(Dataset excerpts)

-*-*-

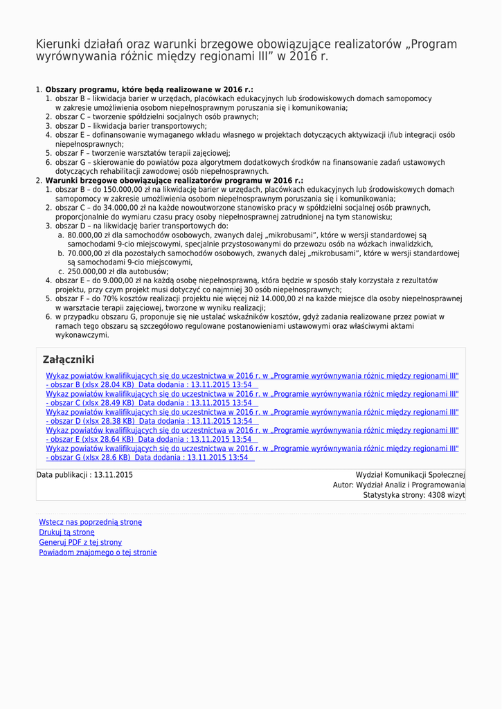 Kierunki działań oraz warunki brzegowe obowiązujące realizatorów „Program wyrównywania różnic między regionami III” w 2016 r. 1. Obszary programu, które będą realizowane w 2016 r.: 1. obszar B – likwidacja barier w urzędach, placówkach edukacyjnych lub środowiskowych domach samopomocy w zakresie umożliwienia osobom niepełnosprawnym poruszania się i komunikowania; 2. obszar C – tworzenie spółdzielni socjalnych osób prawnych; 3. obszar D – likwidacja barier transportowych; 4. obszar E – dofinansowanie wymaganego wkładu własnego w projektach dotyczących aktywizacji i/lub integracji osób niepełnosprawnych; 5. obszar F – tworzenie warsztatów terapii zajęciowej; 6. obszar G – skierowanie do powiatów poza algorytmem dodatkowych środków na finansowanie zadań ustawowych dotyczących rehabilitacji zawodowej osób niepełnosprawnych. 2. Warunki brzegowe obowiązujące realizatorów programu w 2016 r.: 1. obszar B – do 150.000,00 zł na likwidację barier w urzędach, placówkach edukacyjnych lub środowiskowych domach samopomocy w zakresie umożliwienia osobom niepełnosprawnym poruszania się i komunikowania; 2. obszar C – do 34.000,00 zł na każde nowoutworzone stanowisko pracy w spółdzielni socjalnej osób prawnych, proporcjonalnie do wymiaru czasu pracy osoby niepełnosprawnej zatrudnionej na tym stanowisku; 3. obszar D – na likwidację barier transportowych do: a. 80.000,00 zł dla samochodów osobowych, zwanych dalej „mikrobusami”, które w wersji standardowej są samochodami 9-cio miejscowymi, specjalnie przystosowanymi do przewozu osób na wózkach inwalidzkich, b. 70.000,00 zł dla pozostałych samochodów osobowych, zwanych dalej „mikrobusami”, które w wersji standardowej są samochodami 9-cio miejscowymi, c. 250.000,00 zł dla autobusów; 4. obszar E – do 9.000,00 zł na każdą osobę niepełnosprawną, która będzie w sposób stały korzystała z rezultatów projektu, przy czym projekt musi dotyczyć co najmniej 30 osób niepełnosprawnych; 5. obszar F – do 70% kosztów realizacji projektu nie więcej niż 14.000,00 zł na każde miejsce dla osoby niepełnosprawnej w warsztacie terapii zajęciowej, tworzone w wyniku realizacji; 6. w przypadku obszaru G, proponuje się nie ustalać wskaźników kosztów, gdyż zadania realizowane przez powiat w ramach tego obszaru są szczegółowo regulowane postanowieniami ustawowymi oraz właściwymi aktami wykonawczymi. Załączniki Wykaz powiatów kwalifikujących się do uczestnictwa w 2016 r. w „Programie wyrównywania różnic między regionami III" - obszar B (xlsx 28.04 KB) Data dodania : 13.11.2015 13:54 Wykaz powiatów kwalifikujących się do uczestnictwa w 2016 r. w „Programie wyrównywania różnic między regionami III" - obszar C (xlsx 28.49 KB) Data dodania : 13.11.2015 13:54 Wykaz powiatów kwalifikujących się do uczestnictwa w 2016 r. w „Programie wyrównywania różnic między regionami III" - obszar D (xlsx 28.38 KB) Data dodania : 13.11.2015 13:54 Wykaz powiatów kwalifikujących się do uczestnictwa w 2016 r. w „Programie wyrównywania różnic między regionami III" - obszar E (xlsx 28.64 KB) Data dodania : 13.11.2015 13:54 Wykaz powiatów kwalifikujących się do uczestnictwa w 2016 r. w „Programie wyrównywania różnic między regionami III" - obszar G (xlsx 28.6 KB) Data dodania : 13.11.2015 13:54 Data publikacji : 13.11.2015 Wstecz nas poprzednią stronę Drukuj tą stronę Generuj PDF z tej strony Powiadom znajomego o tej stronie Wydział Komunikacji Społecznej Autor: Wydział Analiz i Programowania Statystyka strony: 4308 wizyt
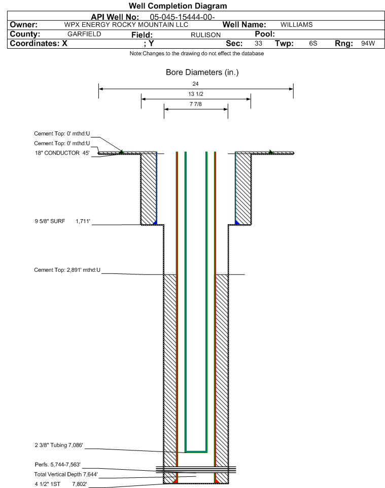 | | Perforation Data: | | Interval Top: | 5744 ft. | # Of Holes: | 132 | | Interval Bottom: | 7563 ft. | Hole Size: | 0.35 in. |
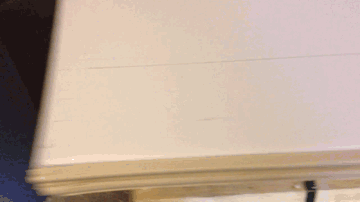Algo a tener en cuenta, especialmente si su puerta es preacabado, es una manera de proteger la puerta de arañazos al empujar la sierra a través de la puerta. Utilice cinta de enmascarar o tener un ayudante vacío las virutas como corte para evitar virutas de queden atrapados entre la base de la sierra y la puerta. Acabó con un rasguño bastante largo en ambos lados de la puerta, pero esta puerta necesita ser pintado de todas formas.
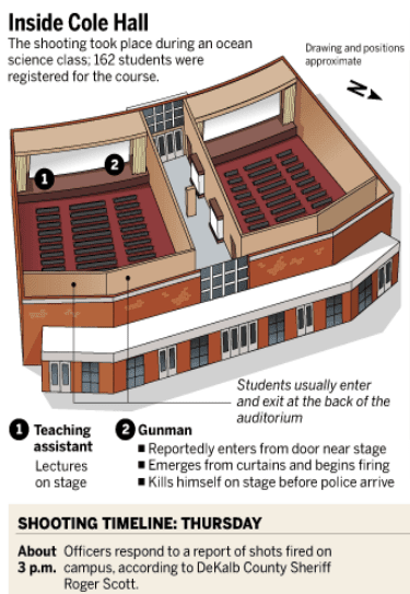 At approximately 3:05 p.m. CST, Steven Kazmierczak entered a large auditorium-style lecture hall inCole Hall (Auditorium 101) with approximately 120 students …
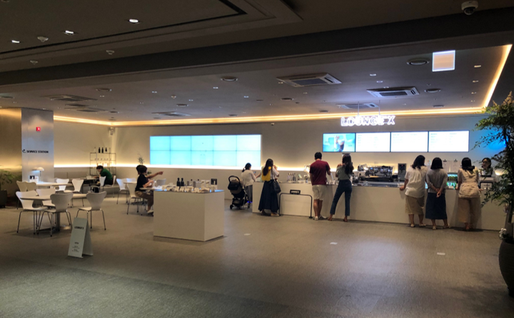 이 구역에 단연 돋보이는 시그니처 기술은 로봇 바리스타이다. 라운지 엑스 카운터 전면에는 공장에서나 볼 법한 로봇 팔이 한 대 서있다. 커피로봇 ‘바리스’는 핸드 드립 커피를 내리는 로봇이다. 3가지 종류의 원두 중 하나를 선택해 주문하면, 해당 원두의 맛을 가장 잘 살릴 수 있는 드립 방식으로 커피를 제조한다.

-*-*-

→ Work task
Skip the pictures, then return the rest of the data exactly.

→ Solution to the problem
 Kierunki działań oraz warunki brzegowe obowiązujące realizatorów „Program wyrównywania różnic między regionami III” w 2016 r. 1. Obszary programu, które będą realizowane w 2016 r.: 1. obszar B – likwidacja barier w urzędach, placówkach edukacyjnych lub środowiskowych domach samopomocy w zakresie umożliwienia osobom niepełnosprawnym poruszania się i komunikowania; 2. obszar C – tworzenie spółdzielni socjalnych osób prawnych; 3. obszar D – likwidacja barier transportowych; 4. obszar E – dofinansowanie wymaganego wkładu własnego w projektach dotyczących aktywizacji i/lub integracji osób niepełnosprawnych; 5. obszar F – tworzenie warsztatów terapii zajęciowej; 6. obszar G – skierowanie do powiatów poza algorytmem dodatkowych środków na finansowanie zadań ustawowych dotyczących rehabilitacji zawodowej osób niepełnosprawnych. 2. Warunki brzegowe obowiązujące realizatorów programu w 2016 r.: 1. obszar B – do 150.000,00 zł na likwidację barier w urzędach, placówkach edukacyjnych lub środowiskowych domach samopomocy w zakresie umożliwienia osobom niepełnosprawnym poruszania się i komunikowania; 2. obszar C – do 34.000,00 zł na każde nowoutworzone stanowisko pracy w spółdzielni socjalnej osób prawnych, proporcjonalnie do wymiaru czasu pracy osoby niepełnosprawnej zatrudnionej na tym stanowisku; 3. obszar D – na likwidację barier transportowych do: a. 80.000,00 zł dla samochodów osobowych, zwanych dalej „mikrobusami”, które w wersji standardowej są samochodami 9-cio miejscowymi, specjalnie przystosowanymi do przewozu osób na wózkach inwalidzkich, b. 70.000,00 zł dla pozostałych samochodów osobowych, zwanych dalej „mikrobusami”, które w wersji standardowej są samochodami 9-cio miejscowymi, c. 250.000,00 zł dla autobusów; 4. obszar E – do 9.000,00 zł na każdą osobę niepełnosprawną, która będzie w sposób stały korzystała z rezultatów projektu, przy czym projekt musi dotyczyć co najmniej 30 osób niepełnosprawnych; 5. obszar F – do 70% kosztów realizacji projektu nie więcej niż 14.000,00 zł na każde miejsce dla osoby niepełnosprawnej w warsztacie terapii zajęciowej, tworzone w wyniku realizacji; 6. w przypadku obszaru G, proponuje się nie ustalać wskaźników kosztów, gdyż zadania realizowane przez powiat w ramach tego obszaru są szczegółowo regulowane postanowieniami ustawowymi oraz właściwymi aktami wykonawczymi. Załączniki Wykaz powiatów kwalifikujących się do uczestnictwa w 2016 r. w „Programie wyrównywania różnic między regionami III" - obszar B (xlsx 28.04 KB) Data dodania : 13.11.2015 13:54 Wykaz powiatów kwalifikujących się do uczestnictwa w 2016 r. w „Programie wyrównywania różnic między regionami III" - obszar C (xlsx 28.49 KB) Data dodania : 13.11.2015 13:54 Wykaz powiatów kwalifikujących się do uczestnictwa w 2016 r. w „Programie wyrównywania różnic między regionami III" - obszar D (xlsx 28.38 KB) Data dodania : 13.11.2015 13:54 Wykaz powiatów kwalifikujących się do uczestnictwa w 2016 r. w „Programie wyrównywania różnic między regionami III" - obszar E (xlsx 28.64 KB) Data dodania : 13.11.2015 13:54 Wykaz powiatów kwalifikujących się do uczestnictwa w 2016 r. w „Programie wyrównywania różnic między regionami III" - obszar G (xlsx 28.6 KB) Data dodania : 13.11.2015 13:54 Data publikacji : 13.11.2015 Wstecz nas poprzednią stronę Drukuj tą stronę Generuj PDF z tej strony Powiadom znajomego o tej stronie Wydział Komunikacji Społecznej Autor: Wydział Analiz i Programowania Statystyka strony: 4308 wizyt
 | | Perforation Data: | | Interval Top: | 5744 ft. | # Of Holes: | 132 | | Interval Bottom: | 7563 ft. | Hole Size: | 0.35 in. |
Algo a tener en cuenta, especialmente si su puerta es preacabado, es una manera de proteger la puerta de arañazos al empujar la sierra a través de la puerta. Utilice cinta de enmascarar o tener un ayudante vacío las virutas como corte para evitar virutas de queden atrapados entre la base de la sierra y la puerta. Acabó con un rasguño bastante largo en ambos lados de la puerta, pero esta puerta necesita ser pintado de todas formas.
 At approximately 3:05 p.m. CST, Steven Kazmierczak entered a large auditorium-style lecture hall inCole Hall (Auditorium 101) with approximately 120 students …
 이 구역에 단연 돋보이는 시그니처 기술은 로봇 바리스타이다. 라운지 엑스 카운터 전면에는 공장에서나 볼 법한 로봇 팔이 한 대 서있다. 커피로봇 ‘바리스’는 핸드 드립 커피를 내리는 로봇이다. 3가지 종류의 원두 중 하나를 선택해 주문하면, 해당 원두의 맛을 가장 잘 살릴 수 있는 드립 방식으로 커피를 제조한다.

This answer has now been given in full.